(Data extracted from a collection)
Start of Block

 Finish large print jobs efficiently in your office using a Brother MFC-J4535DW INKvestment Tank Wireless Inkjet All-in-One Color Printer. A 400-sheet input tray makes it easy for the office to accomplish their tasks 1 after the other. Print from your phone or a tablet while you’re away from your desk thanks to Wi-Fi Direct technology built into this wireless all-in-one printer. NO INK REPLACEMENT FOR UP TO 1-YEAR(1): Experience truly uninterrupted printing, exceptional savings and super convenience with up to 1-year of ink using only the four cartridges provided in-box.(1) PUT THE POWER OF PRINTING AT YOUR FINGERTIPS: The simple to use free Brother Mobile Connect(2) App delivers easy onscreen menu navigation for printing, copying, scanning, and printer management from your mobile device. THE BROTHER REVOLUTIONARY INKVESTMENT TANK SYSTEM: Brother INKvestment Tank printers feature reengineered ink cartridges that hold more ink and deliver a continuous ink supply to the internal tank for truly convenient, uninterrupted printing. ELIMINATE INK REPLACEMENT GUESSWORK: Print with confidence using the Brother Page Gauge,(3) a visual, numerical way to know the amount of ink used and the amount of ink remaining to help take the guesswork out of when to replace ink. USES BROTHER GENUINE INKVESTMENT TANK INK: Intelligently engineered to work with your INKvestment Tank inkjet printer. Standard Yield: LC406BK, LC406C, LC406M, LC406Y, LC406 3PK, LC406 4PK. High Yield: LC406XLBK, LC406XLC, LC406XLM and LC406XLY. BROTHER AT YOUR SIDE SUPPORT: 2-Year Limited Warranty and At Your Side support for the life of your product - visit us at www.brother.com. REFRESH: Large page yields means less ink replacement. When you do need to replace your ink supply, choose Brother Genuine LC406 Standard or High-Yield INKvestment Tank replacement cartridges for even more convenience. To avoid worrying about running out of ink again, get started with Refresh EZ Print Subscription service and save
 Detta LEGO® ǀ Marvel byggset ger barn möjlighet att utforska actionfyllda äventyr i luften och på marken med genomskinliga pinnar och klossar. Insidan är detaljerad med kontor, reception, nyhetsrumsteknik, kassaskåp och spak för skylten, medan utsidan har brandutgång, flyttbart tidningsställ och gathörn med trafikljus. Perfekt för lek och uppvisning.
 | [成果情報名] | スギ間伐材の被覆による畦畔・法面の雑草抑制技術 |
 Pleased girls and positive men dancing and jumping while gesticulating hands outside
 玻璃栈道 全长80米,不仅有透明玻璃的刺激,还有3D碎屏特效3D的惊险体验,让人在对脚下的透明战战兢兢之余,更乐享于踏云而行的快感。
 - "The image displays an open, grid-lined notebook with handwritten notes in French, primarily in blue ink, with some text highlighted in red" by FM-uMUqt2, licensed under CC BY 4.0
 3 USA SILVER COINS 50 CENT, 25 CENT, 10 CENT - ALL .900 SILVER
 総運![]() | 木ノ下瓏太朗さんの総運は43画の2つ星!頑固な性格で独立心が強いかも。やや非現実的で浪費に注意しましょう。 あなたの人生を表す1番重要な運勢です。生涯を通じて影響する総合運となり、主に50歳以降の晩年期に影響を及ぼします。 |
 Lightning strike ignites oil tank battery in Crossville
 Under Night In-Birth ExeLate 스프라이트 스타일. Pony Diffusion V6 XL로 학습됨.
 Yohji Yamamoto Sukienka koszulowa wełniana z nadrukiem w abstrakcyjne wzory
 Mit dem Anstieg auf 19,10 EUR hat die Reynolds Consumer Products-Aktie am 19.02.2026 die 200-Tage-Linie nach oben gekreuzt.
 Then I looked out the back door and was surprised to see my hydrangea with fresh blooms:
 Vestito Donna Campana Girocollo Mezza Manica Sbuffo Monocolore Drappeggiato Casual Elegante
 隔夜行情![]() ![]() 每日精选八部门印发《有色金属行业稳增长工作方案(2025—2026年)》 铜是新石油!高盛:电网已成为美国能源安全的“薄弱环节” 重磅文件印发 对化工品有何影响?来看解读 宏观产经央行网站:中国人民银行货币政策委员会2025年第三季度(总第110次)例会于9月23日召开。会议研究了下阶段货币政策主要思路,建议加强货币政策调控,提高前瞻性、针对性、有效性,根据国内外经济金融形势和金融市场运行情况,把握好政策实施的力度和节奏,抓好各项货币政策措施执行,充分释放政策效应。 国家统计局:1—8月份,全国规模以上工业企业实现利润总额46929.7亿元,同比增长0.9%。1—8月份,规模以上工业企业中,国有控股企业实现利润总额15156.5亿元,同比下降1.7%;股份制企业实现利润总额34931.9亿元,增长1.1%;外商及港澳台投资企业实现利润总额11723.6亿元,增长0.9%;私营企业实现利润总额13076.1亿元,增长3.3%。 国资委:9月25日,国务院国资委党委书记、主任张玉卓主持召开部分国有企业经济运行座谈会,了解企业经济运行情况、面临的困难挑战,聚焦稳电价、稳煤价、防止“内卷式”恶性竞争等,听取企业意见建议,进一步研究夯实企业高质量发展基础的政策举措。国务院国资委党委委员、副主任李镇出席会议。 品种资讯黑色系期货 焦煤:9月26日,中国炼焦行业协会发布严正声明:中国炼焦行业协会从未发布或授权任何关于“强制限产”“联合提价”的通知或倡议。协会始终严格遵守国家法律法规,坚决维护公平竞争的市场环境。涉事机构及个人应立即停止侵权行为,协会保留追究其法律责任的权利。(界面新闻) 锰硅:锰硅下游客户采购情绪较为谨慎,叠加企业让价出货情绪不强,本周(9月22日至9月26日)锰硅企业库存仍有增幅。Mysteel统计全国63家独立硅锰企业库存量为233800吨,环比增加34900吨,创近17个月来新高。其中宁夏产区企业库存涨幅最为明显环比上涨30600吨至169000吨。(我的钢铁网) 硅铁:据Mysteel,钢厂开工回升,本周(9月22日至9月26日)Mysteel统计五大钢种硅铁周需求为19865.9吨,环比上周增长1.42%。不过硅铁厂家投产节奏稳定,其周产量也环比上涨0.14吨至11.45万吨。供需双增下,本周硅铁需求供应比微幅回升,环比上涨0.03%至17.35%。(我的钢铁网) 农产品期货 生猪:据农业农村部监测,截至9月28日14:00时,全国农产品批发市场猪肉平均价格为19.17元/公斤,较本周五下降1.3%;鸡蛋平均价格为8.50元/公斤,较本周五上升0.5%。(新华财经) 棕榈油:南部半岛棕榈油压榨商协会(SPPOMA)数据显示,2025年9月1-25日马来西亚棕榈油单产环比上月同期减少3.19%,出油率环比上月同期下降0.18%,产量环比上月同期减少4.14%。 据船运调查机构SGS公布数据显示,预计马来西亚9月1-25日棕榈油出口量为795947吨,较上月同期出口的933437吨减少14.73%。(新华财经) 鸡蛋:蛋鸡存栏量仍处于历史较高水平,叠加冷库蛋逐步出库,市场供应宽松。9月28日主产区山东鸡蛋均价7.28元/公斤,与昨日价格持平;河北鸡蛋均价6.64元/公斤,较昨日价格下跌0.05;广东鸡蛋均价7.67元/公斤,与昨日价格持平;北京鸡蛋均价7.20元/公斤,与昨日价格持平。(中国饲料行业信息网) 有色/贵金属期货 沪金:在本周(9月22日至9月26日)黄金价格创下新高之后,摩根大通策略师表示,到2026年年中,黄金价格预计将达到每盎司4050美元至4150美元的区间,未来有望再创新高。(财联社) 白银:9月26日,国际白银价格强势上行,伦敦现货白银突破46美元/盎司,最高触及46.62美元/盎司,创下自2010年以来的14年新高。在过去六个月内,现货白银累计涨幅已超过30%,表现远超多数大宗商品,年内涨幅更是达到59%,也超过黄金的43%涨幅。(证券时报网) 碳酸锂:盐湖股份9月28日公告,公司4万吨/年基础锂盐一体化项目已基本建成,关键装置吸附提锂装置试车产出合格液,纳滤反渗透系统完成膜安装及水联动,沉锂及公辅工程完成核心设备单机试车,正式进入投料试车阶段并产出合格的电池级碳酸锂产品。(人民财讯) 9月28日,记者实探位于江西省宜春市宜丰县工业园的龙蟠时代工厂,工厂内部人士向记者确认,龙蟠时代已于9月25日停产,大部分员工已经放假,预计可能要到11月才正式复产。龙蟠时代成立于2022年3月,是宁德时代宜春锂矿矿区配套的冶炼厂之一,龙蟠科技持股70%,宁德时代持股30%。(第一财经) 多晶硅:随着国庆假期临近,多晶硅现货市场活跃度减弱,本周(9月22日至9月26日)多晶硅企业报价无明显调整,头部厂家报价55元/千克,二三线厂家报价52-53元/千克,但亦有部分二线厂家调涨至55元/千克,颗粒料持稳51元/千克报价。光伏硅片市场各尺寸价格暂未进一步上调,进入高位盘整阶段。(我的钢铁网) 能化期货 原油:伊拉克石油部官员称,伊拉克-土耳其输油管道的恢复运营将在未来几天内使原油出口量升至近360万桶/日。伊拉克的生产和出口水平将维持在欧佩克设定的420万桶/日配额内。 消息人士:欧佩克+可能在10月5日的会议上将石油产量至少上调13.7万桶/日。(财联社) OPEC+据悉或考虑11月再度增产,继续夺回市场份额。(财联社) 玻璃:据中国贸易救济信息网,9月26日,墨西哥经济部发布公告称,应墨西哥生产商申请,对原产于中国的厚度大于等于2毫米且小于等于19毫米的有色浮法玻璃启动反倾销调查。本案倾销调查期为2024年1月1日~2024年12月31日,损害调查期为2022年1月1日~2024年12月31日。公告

End of Block

* Work instructions *
Take the lines above from the one containing "[成果情報名] | スギ間伐材の被覆による畦畔・法面の雑草抑制技術 |" down to the one containing "玻璃栈道 全长80米,不仅有", and transcribe them exactly, both ends included.

* Output for this task *
 | [成果情報名] | スギ間伐材の被覆による畦畔・法面の雑草抑制技術 |
 Pleased girls and positive men dancing and jumping while gesticulating hands outside
 玻璃栈道 全长80米,不仅有透明玻璃的刺激,还有3D碎屏特效3D的惊险体验,让人在对脚下的透明战战兢兢之余,更乐享于踏云而行的快感。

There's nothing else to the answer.